As we gather more evidence, we can repeatedly apply Bayes’ rule, using the posterior probability from one calculation as the prior probability for the next. This iterative process allows our probability assessments to continuously improve as we incorporate new information.

Comprehensive Example💡: Medical Testing

Consider a disease that affects a small percentage of the population and a diagnostic test used to detect it.

  • Let \(D\) be the event that a person has the disease.

  • Let \(+\): be the event that the test gives a positive result.

  • Define \(D'\) and \(-\) as the complements of \(D\) and \(+\), respectively

Given these events, we can identify:

  • \(P(D)\): The prevalence of the disease in the population (prior probability)

  • \(P(+|D)\): The sensitivity of the test (true positive rate)

  • \(P(+|D')\): The false positive rate (1 - specificity)

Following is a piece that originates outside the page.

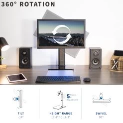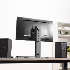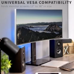 Constructed of high-grade steel, this stand was built to resist scratches and support a 13” to 38” ultrawide monitor or TV screen weighing up to 17.6 pounds. The stand’s sleek, black appearance blends well with virtually any environment, and cable management is provided to keep cords clean and organized.

What doctors and patients typically want to know is \(P(D|+)\), the probability that a person has the disease given a positive test result. This posterior probability can be calculated using Bayes’ rule:

\[P(D|+) = \frac{P(+|D)P(D)}{P(+|D) P(D) + P(+|D')P(D')}\]

Suppose a disease affects 1% of the population, the test has a sensitivity of 95%, and a specificity of 90%. What is the probability that someone with a positive test result actually has the disease?

Step 1: Write the building blocks in mathematical notation

  • \(P(D) = 0.01\)

  • \(P(+|D) = 0.95\)

  • \(P(+|D') = 1-P(-|D') = 1 - 0.9 = 0.1\)

Step 2: Compute the posterior probability

\[\begin{split}P(D|+) &= \frac{(0.95)(0.01)}{(0.95)(0.01) + (0.1)(0.99)} \\ &= \frac{0.0095}{0.0095 + 0.099} \\ &= \frac{0.0095}{0.1085} \\ &\approx 0.0876\end{split}\]

Despite the test being quite accurate (95% sensitivity, 90% specificity), the probability that a positive result indicates disease is less than 9%. This illustrates the importance of considering the base rate (prior probability) when interpreting test results, especially for rare conditions. Even a very accurate test will generate many false positives when applied to a population where the condition is uncommon.

  • Also try solving this problem using a tree diagram, and confirm that the results are consistent.

4.4.5. Bringing It All Together

Key Takeaways 📝

  1. The Law of Partitions decomposes the probability of an event across a partition.

  2. The Law of Total Probability expresses an event’s probability as a weighted average of conditional probabilities.

  3. Bayes’ rule lets us calculate “inverse” conditional probabilities.

  4. Tree diagrams serve as an assisting tool for the three rules above.

  5. Bayes’ rule forms the foundation of the Bayesian approach to probability.

Exercises

  1. Basic Concepts: A box contains 3 fair coins, 2 coins that always show heads, and 1 coin that always shows tails. If a coin is selected at random and flipped twice, showing heads both times, what is the probability that it is a fair coin?

  2. Medical Testing: A test for a certain disease has a sensitivity of 99% and a specificity of 98%. If the disease affects 0.5% of the population,

    1. What is the probability that a person with a positive test result has the disease?

    2. What is the probability that a person with a negative test result does not have the disease?

  3. Card Selection: A standard deck of 52 cards is split into two piles, one containing all 13 spades and the other containing the remaining 39 cards. If you select a pile at random and then draw a card from that pile,

    1. Use the Law of Total Probability to find the probability of drawing a king.

    2. If you draw a king, what is the probability that you selected the pile of spades?

  4. Quality Control: A factory has three machines (A, B, and C) that produce 20%, 30%, and 50% of its output, respectively. The defect rates for these machines are 1%, 2%, and 3%. If a product is selected at random and found to be defective,

    1. What is the probability it was produced by machine B?

    2. What is the total percentage of defective products across all machines?

  5. Challenge Problem: Three identical-looking coins are placed in a box. One coin is fair (\(P(Heads) = 0.5\)), one is biased with \(P(Heads) = 0.6\), and one is two-headed (\(P(Heads) = 1\)). A coin is randomly selected from the box and flipped twice. If both flips result in heads, what is the probability that the selected coin was the fair one?